Implement these practices

ADEs cannot be reliably predicted and not every ADE is preventable, says Marybeth Farquhar, director of AHRQ's quality indicators activities. "ADEs occur throughout the many steps of the medication administration process in hospitals," she says.

However, there are several practices that may minimize ADEs and their adverse effects on patients. For example, a thorough medical history should be taken from the patient and/or caregiver. This should include the names of all medications the patient is currently taking, including vitamins and herbal supplements, doses, and frequency.

"Some hospitals go so far as to ask the patient to bring all their medication bottles with them to the hospital, so that they can be recorded during admission procedures," says Farquhar.

Allergies to medications or foods and prior reactions to medications should be clearly noted in the patient record and visible to clinicians via patient identification bands, says Farquhar. Prescribing clinicians should consider the patient's age, weight, underlying condition, and renal function when ordering medications.

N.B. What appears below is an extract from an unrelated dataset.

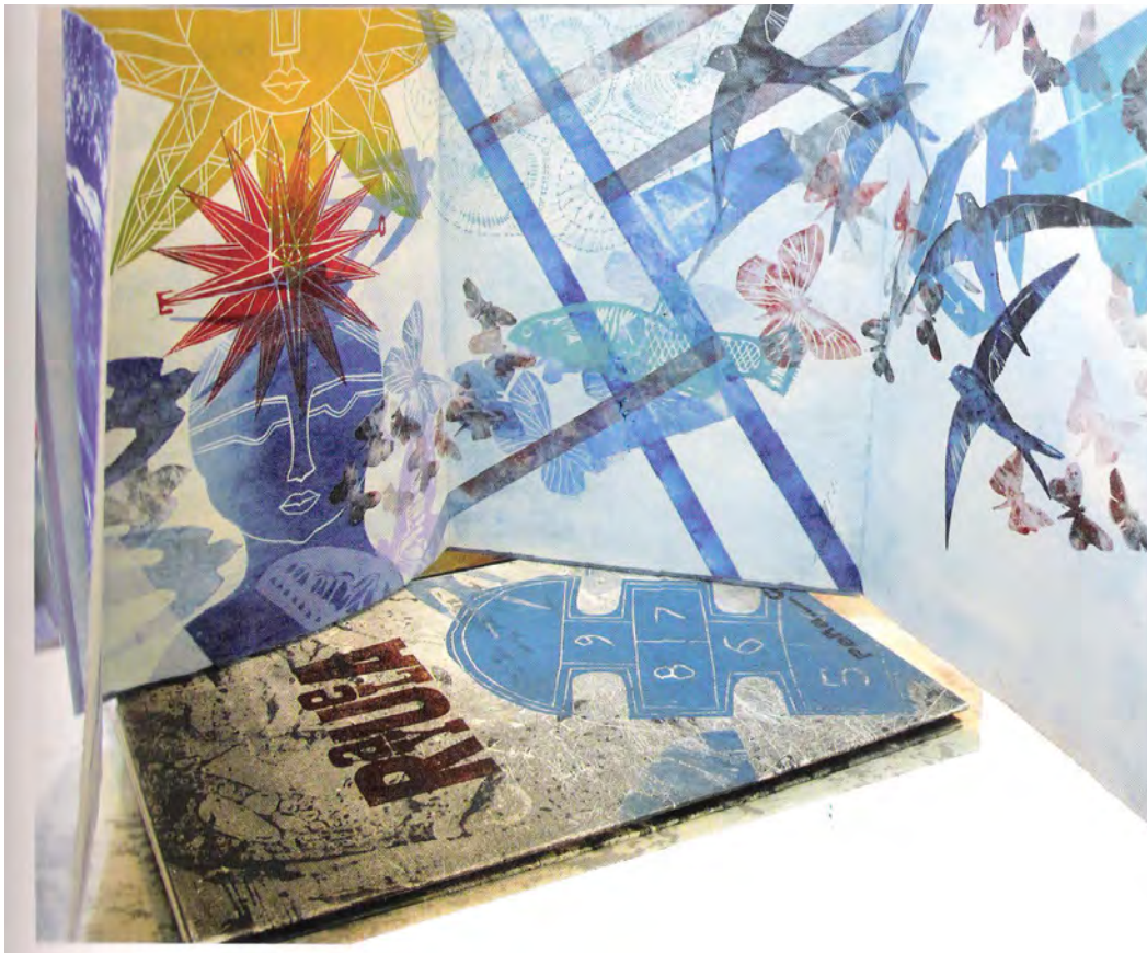
“Rayuela” (Hopscotch) Artist’s Book, techni- que: 4 interior prints in both sides, on the following themes 1- Maga 2- The exile 3- Friends 4- París Protective box printed with wooden letters + interior colophon Protective sleeve with relief. On 300 gram Super Alfa paper. One-of-a-kind copy. Done in collaboration with the artist José M. Peña.

Good communication among the health care team is essential throughout the medication administration process, says Farquhar. "Patient monitoring is important to detecting ADEs. However, computerized systems can help hospital staff identify ADEs and minimize their effects," she says.

For example, a computer system can alert hospital staff if any signals of possible ADEs occur, such as certain lab test results, high or low levels of certain medications, and pharmacy orders for medications generally used to treat allergic reactions.

Also, by integrating the computer system to link pharmacy, lab, and other hospital information about the patient, pharmacists can identify and notify physicians about drug allergies, drug-drug interactions, drug-food and drug-condition contraindications, says Farquhar. She also recommends the following to prevent ADEs:

  • using the Food and Drug Administration's MedWatch program to report serious drug reactions;
  • improving hospital incident reporting systems;
  • creating a culture of safety that encourages reporting ADEs;
  • relying more on pharmacists to advise prescribing clinicians;
  • promoting clinician education on medications and possible side effects;
  • improving nurse medication administration and monitoring systems.

There should be more reporting of ADEs, says Jeffery Laux, clinical pharmacist at Covenant HealthCare in Saginaw, MI. "Most probably go unreported and therefore cannot be tracked."

Most events are picked up in retrospective reports, often by coders as they examine medical records, says Laux. "It makes it very hard to find complete information when the patient has already left the hospital," he says. "It is also helpful to interview personnel who witnessed the event."

If the events are reported, these must be followed up with some detail — this is the only way to determine why the event happened. "If you cannot figure out why the events happen, it is impossible to try to correct them," Laux says.

At Winston-Salem, NC-based Novant Health, a successful program to track ADEs was implemented, which included all eight hospitals in the system, says Mike Gum, director of pharmacy for Presbyterian Healthcare in Charlotte, NC.

For one week of every month, a clinical pharmacist reviewed all administrations of the following: vitamin K, naloxone, Kayexalate, Romazicon, and laboratory values of an international normalized ratio (INR) greater than 3.5 or elevated digoxin levels.

"After phase one, it was decided that elevated INRs was the biggest issue" says Gum. "We then concentrated on that. We were able to decrease the incidence of overall elevated INRs by 47%." The following steps were taken:

  • A warfarin dosing program was developed.
  • Routine laboratory monitoring of patients receiving warfarin was standardized to be done on admission and at least every three days.
  • Clinical pharmacists were given the ability to order an INR if deemed appropriate.
  • Physicians were routinely educated. "This was accomplished by letters to office-based physicians, because many of the elevated INRs were on admission, as well as routine updates of hospitalists," says Gum.

(The full report, "Adverse Drug Events in U.S. Hospitals, 2004," can be accessed at www.hcup-us.ahrq.gov/reports/statbriefs/sb29.jsp.)